■ TASK OBJECTIVE ■
All of the data should be given again word for word, though the images are to be left out.

[PROVIDED DATA — start]

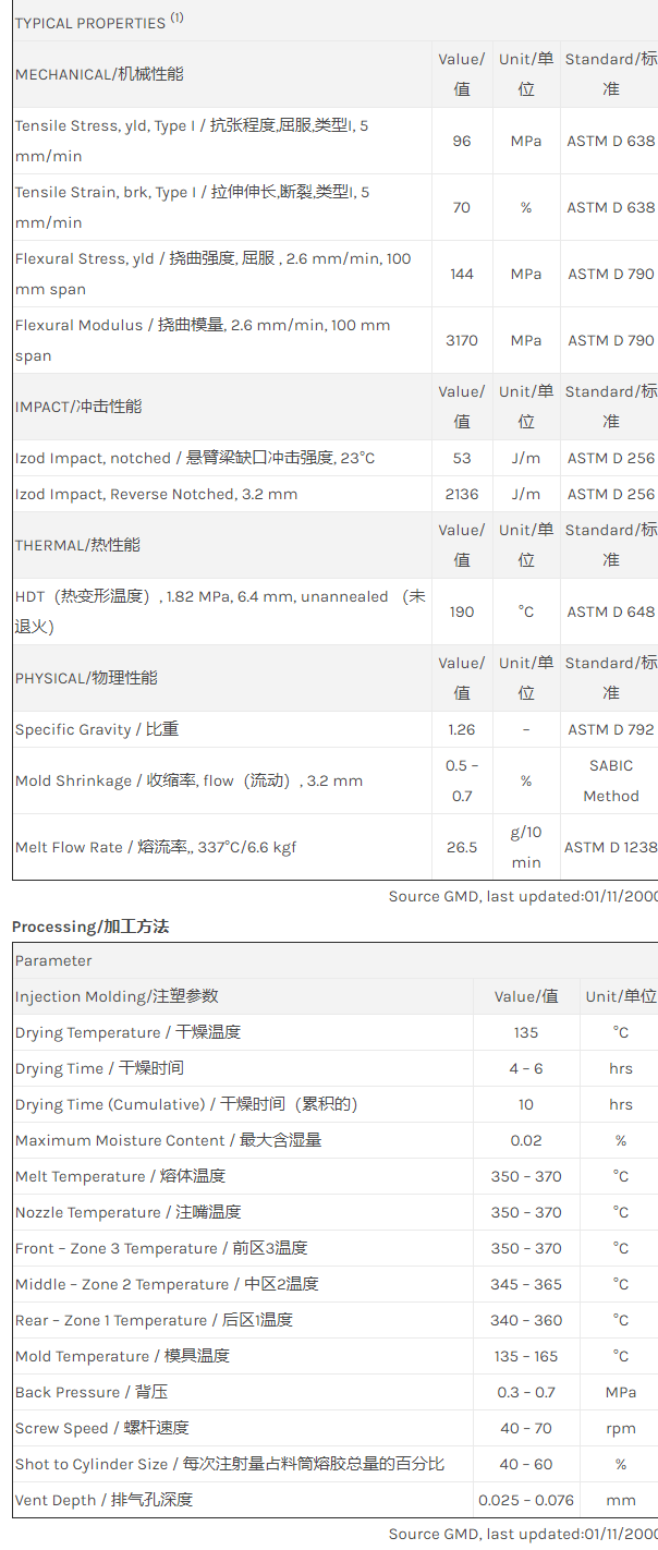 未增强型 PEI/PCE共混物。耐高温。仅有不透明色。内含脱模剂。
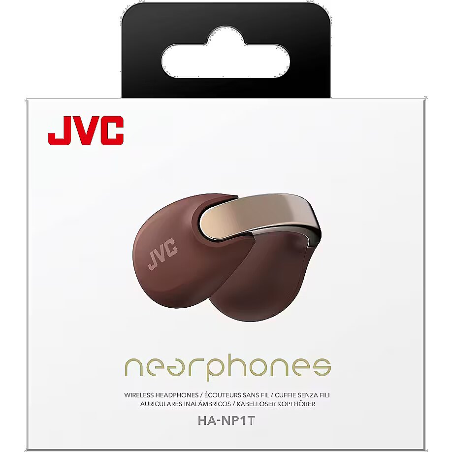 LongSummaryDescription - JVC HA-NP1T. Product type: Headset. Connectivity technology: True Wireless Stereo (TWS), Bluetooth. Recommended usage: Calls/Music. Headphone frequency: 20 - 20000 Hz. Wireless range: 10 m. Weight: 9.7 g. Product colour: Brown, Silver
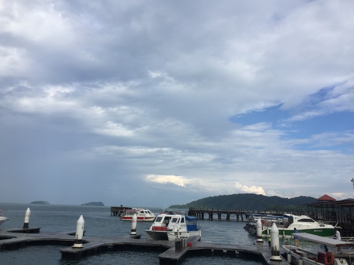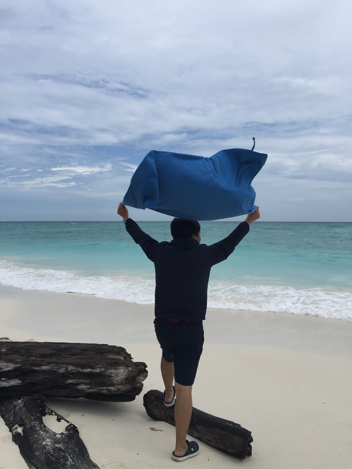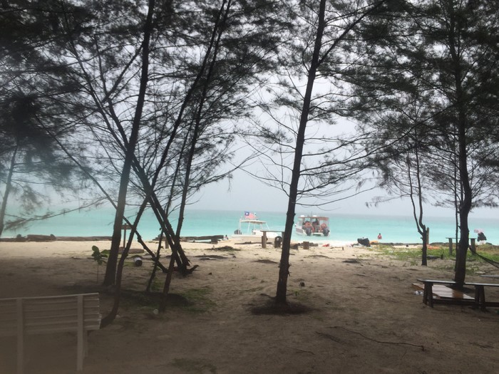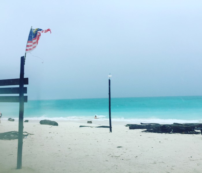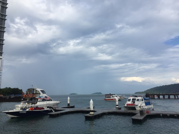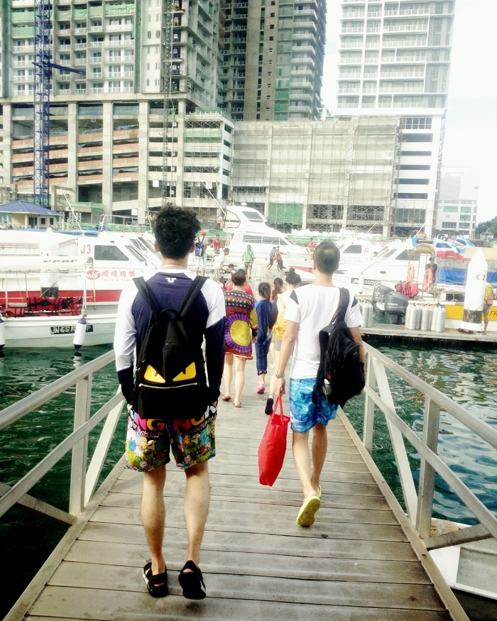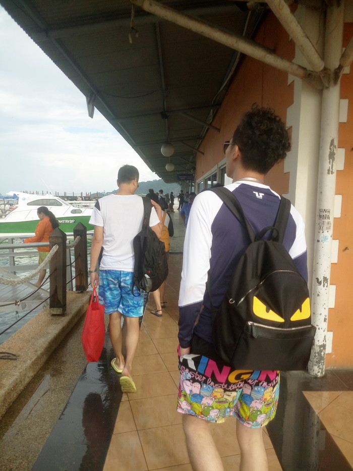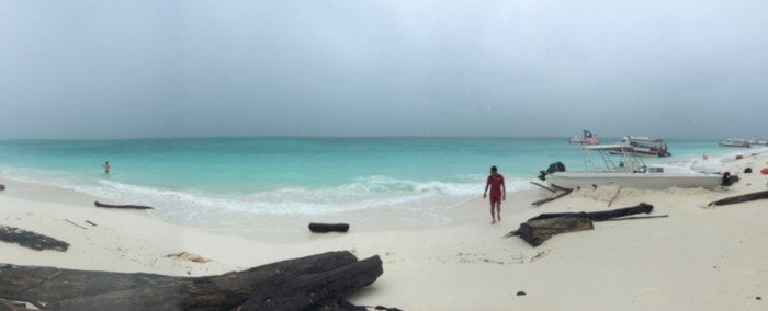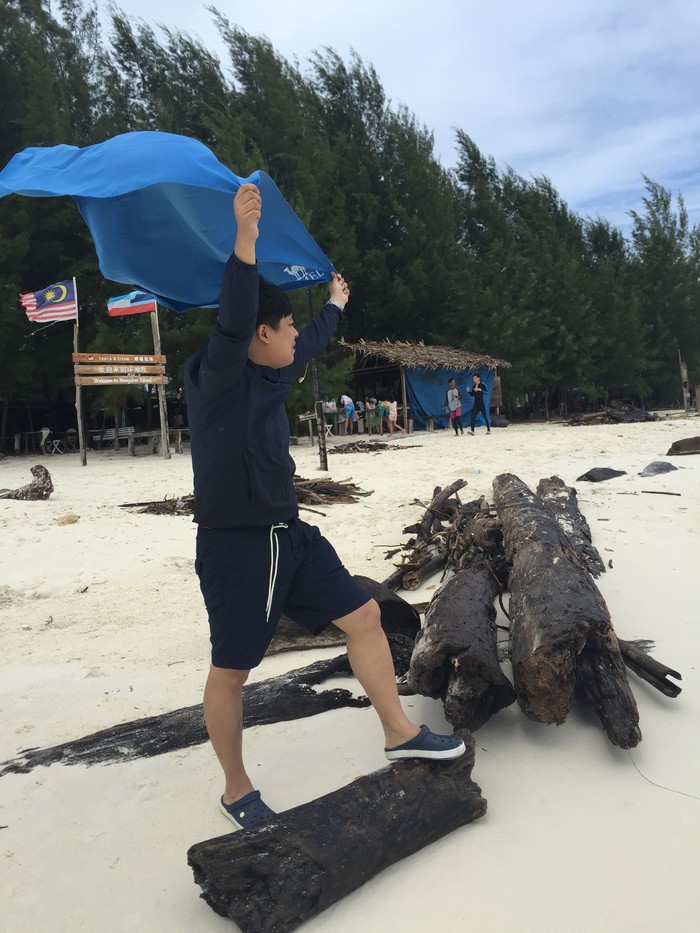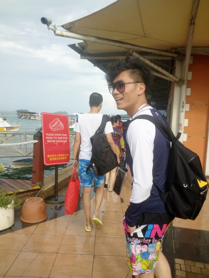 今天起了个大早去出海。海岛的确去了不少,但是今天非常特别,因为对于环滩岛非常仰慕,主要还是因为看了xfun的航拍画面,对于那近乎马代的海水痴迷万分,所以淘汰了美人鱼岛,坚决转战环滩,虽然环滩的价格稍微还贵一点。给大家科个普,环滩属于私人岛屿,近两年才开放,而且对于亚庇来说还算不远,在我们下塌的gaya centre hotel过去码头只要十几分钟,然后理论上坐一小时的船差不多就到了。而对比跋山涉水的美人鱼岛,一来路途遥远,半天的路程,加上被众多游客污染的环境,显得不是非常的有逼格~~哈哈。再来说说这个环滩岛,因为是个私人岛屿,所以岛上的公共设施并不是非常的全面,基本只有一处完善的码头和休闲区,包给一家指定的旅游公司运营,所以一日游的价格非常坚挺,在500以上,想想这个价格在越南可是能做好几次深潜了哦!如果只为了看环滩,对于辅助服务不是很在意的话,可以选择非直接授权的旅游公司,一日浮潜游价格在400以内,区别在于,你不能在主码头登录,要在环滩岛其他海滩登录,然后中饭就是他们自带的海滩BBQ了,也算挺有一番风味的!当然,我选的是后者。哈哈。可惜天公不作美,一起床,妈的天就下起了大雨

[PROVIDED DATA — finish]

■ PROBLEM SOLUTION ■
 未增强型 PEI/PCE共混物。耐高温。仅有不透明色。内含脱模剂。
 LongSummaryDescription - JVC HA-NP1T. Product type: Headset. Connectivity technology: True Wireless Stereo (TWS), Bluetooth. Recommended usage: Calls/Music. Headphone frequency: 20 - 20000 Hz. Wireless range: 10 m. Weight: 9.7 g. Product colour: Brown, Silver
 今天起了个大早去出海。海岛的确去了不少,但是今天非常特别,因为对于环滩岛非常仰慕,主要还是因为看了xfun的航拍画面,对于那近乎马代的海水痴迷万分,所以淘汰了美人鱼岛,坚决转战环滩,虽然环滩的价格稍微还贵一点。给大家科个普,环滩属于私人岛屿,近两年才开放,而且对于亚庇来说还算不远,在我们下塌的gaya centre hotel过去码头只要十几分钟,然后理论上坐一小时的船差不多就到了。而对比跋山涉水的美人鱼岛,一来路途遥远,半天的路程,加上被众多游客污染的环境,显得不是非常的有逼格~~哈哈。再来说说这个环滩岛,因为是个私人岛屿,所以岛上的公共设施并不是非常的全面,基本只有一处完善的码头和休闲区,包给一家指定的旅游公司运营,所以一日游的价格非常坚挺,在500以上,想想这个价格在越南可是能做好几次深潜了哦!如果只为了看环滩,对于辅助服务不是很在意的话,可以选择非直接授权的旅游公司,一日浮潜游价格在400以内,区别在于,你不能在主码头登录,要在环滩岛其他海滩登录,然后中饭就是他们自带的海滩BBQ了,也算挺有一番风味的!当然,我选的是后者。哈哈。可惜天公不作美,一起床,妈的天就下起了大雨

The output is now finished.